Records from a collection
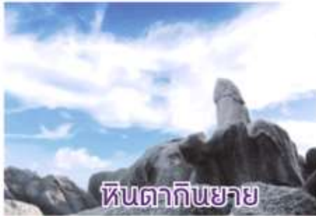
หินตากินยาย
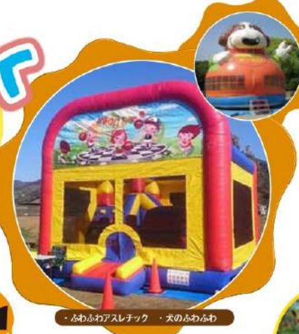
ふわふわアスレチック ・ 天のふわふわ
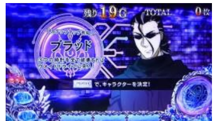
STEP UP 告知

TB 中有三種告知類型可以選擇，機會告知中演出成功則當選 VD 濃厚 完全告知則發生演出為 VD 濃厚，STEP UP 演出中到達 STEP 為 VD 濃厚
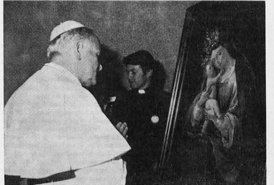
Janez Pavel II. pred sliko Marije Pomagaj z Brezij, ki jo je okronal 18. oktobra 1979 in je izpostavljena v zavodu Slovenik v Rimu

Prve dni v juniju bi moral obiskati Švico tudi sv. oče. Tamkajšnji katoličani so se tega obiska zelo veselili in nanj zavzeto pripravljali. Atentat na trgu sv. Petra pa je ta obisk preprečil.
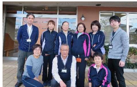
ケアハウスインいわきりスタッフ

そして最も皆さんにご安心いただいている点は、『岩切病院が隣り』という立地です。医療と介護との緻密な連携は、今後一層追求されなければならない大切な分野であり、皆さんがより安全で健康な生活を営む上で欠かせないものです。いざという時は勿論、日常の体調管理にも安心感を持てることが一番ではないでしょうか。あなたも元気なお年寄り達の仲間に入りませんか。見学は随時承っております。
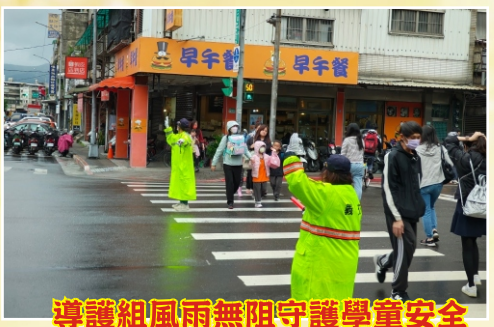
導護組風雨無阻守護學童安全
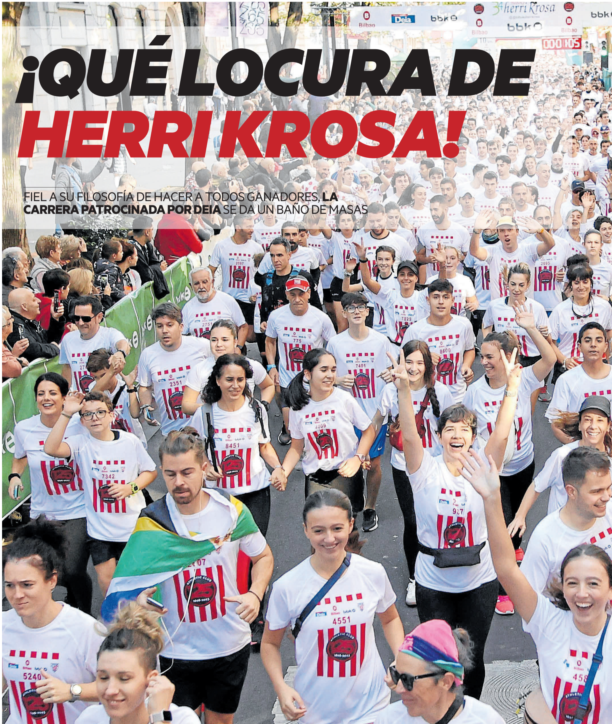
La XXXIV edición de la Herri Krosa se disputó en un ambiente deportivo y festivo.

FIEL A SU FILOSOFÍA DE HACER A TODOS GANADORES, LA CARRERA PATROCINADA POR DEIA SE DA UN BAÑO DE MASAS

---

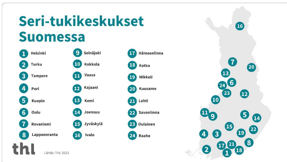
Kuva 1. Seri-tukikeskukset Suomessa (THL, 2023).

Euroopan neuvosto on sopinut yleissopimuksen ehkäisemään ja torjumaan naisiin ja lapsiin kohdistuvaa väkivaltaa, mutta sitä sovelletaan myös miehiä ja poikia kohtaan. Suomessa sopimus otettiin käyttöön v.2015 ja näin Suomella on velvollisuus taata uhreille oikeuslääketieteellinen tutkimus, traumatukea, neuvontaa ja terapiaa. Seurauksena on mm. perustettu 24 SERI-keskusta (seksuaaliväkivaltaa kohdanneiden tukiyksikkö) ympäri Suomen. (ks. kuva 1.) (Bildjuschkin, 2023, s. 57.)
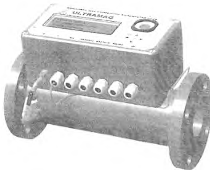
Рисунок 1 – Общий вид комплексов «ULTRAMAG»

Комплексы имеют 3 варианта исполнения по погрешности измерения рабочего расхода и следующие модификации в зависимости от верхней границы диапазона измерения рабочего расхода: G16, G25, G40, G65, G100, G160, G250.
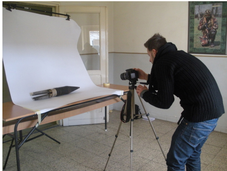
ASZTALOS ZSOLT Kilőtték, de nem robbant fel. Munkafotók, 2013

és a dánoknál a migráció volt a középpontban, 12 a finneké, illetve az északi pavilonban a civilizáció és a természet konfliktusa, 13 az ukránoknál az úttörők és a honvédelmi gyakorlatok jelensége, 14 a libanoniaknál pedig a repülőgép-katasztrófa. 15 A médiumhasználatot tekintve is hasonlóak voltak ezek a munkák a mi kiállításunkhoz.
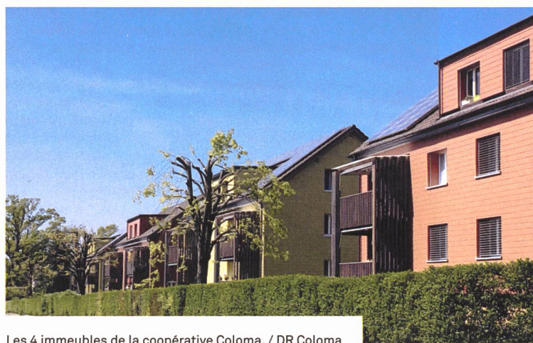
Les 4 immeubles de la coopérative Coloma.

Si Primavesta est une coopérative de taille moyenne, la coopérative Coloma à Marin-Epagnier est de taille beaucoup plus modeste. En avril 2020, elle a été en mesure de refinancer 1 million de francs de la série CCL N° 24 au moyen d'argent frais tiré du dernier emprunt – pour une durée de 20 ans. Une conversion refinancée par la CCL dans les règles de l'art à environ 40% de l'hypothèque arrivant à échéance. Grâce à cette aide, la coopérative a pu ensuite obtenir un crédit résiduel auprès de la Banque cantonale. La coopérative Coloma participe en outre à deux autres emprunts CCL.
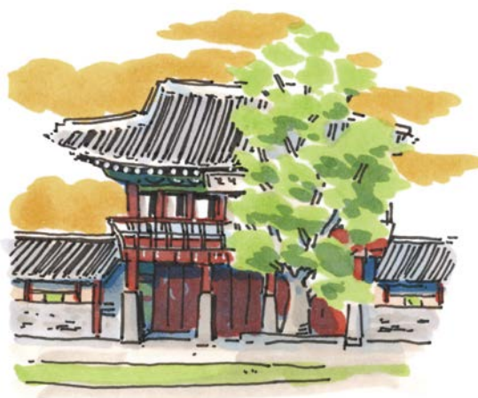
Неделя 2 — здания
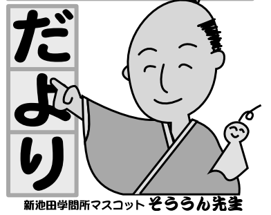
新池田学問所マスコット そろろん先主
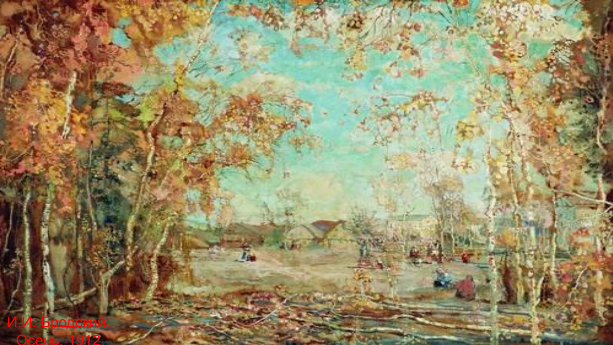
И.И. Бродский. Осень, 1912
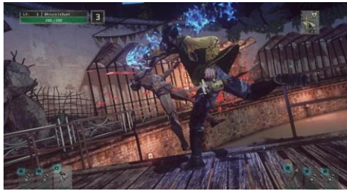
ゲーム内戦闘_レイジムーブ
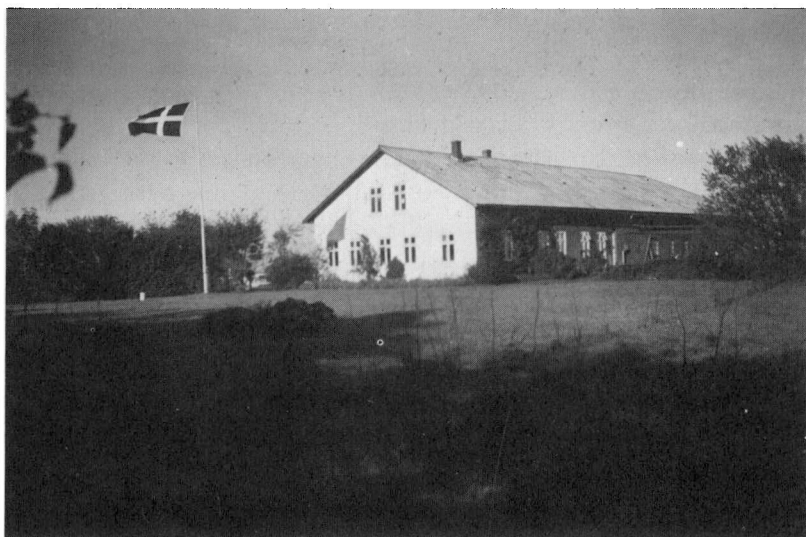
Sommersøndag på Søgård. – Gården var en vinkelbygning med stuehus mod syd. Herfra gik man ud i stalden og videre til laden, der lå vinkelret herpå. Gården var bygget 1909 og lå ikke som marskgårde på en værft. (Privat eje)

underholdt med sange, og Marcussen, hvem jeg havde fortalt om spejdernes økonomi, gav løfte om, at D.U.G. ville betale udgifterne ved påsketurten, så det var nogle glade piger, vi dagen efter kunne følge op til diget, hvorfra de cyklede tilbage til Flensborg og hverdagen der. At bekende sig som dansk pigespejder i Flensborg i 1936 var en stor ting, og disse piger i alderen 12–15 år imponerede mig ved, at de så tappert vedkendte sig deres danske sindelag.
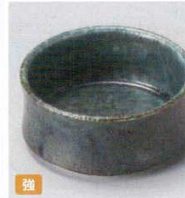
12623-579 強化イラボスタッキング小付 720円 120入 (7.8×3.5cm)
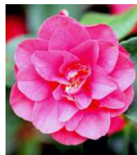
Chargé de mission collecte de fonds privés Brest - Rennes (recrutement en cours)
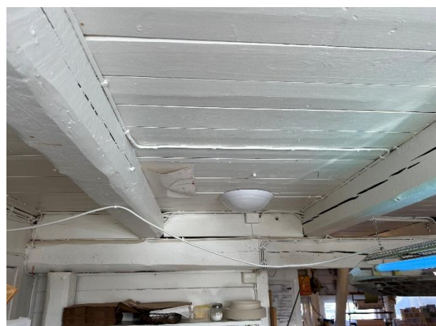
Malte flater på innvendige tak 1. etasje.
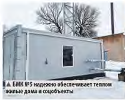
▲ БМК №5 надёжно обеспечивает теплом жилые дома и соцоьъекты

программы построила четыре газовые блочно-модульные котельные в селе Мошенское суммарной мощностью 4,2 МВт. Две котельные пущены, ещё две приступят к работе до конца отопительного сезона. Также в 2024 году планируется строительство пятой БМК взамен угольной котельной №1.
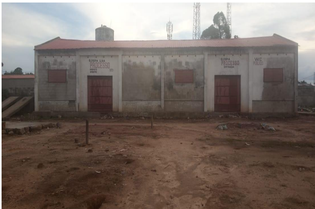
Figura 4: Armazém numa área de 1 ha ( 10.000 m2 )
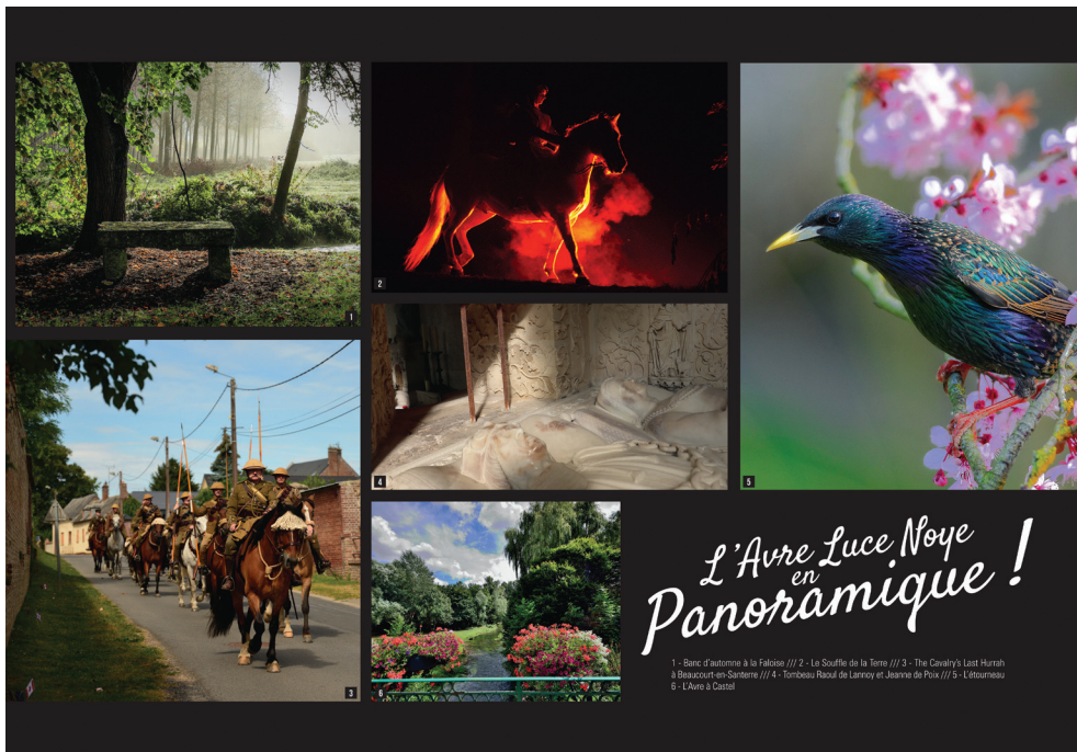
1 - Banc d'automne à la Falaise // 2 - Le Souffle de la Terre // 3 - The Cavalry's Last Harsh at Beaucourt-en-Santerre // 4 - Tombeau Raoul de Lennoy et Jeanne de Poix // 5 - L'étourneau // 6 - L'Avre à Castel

HOW TO COMPLETE THIS TASK:
Each line above from the one containing "ASZTALOS ZSOLT Kilőtték, de" through the one containing "Les 4 immeubles de la coopérative Coloma." is to be returned verbatim. Nothing else, and no pictures.

WRITTEN SOLUTION:
ASZTALOS ZSOLT Kilőtték, de nem robbant fel. Munkafotók, 2013

és a dánoknál a migráció volt a középpontban, 12 a finneké, illetve az északi pavilonban a civilizáció és a természet konfliktusa, 13 az ukránoknál az úttörők és a honvédelmi gyakorlatok jelensége, 14 a libanoniaknál pedig a repülőgép-katasztrófa. 15 A médiumhasználatot tekintve is hasonlóak voltak ezek a munkák a mi kiállításunkhoz.
Les 4 immeubles de la coopérative Coloma.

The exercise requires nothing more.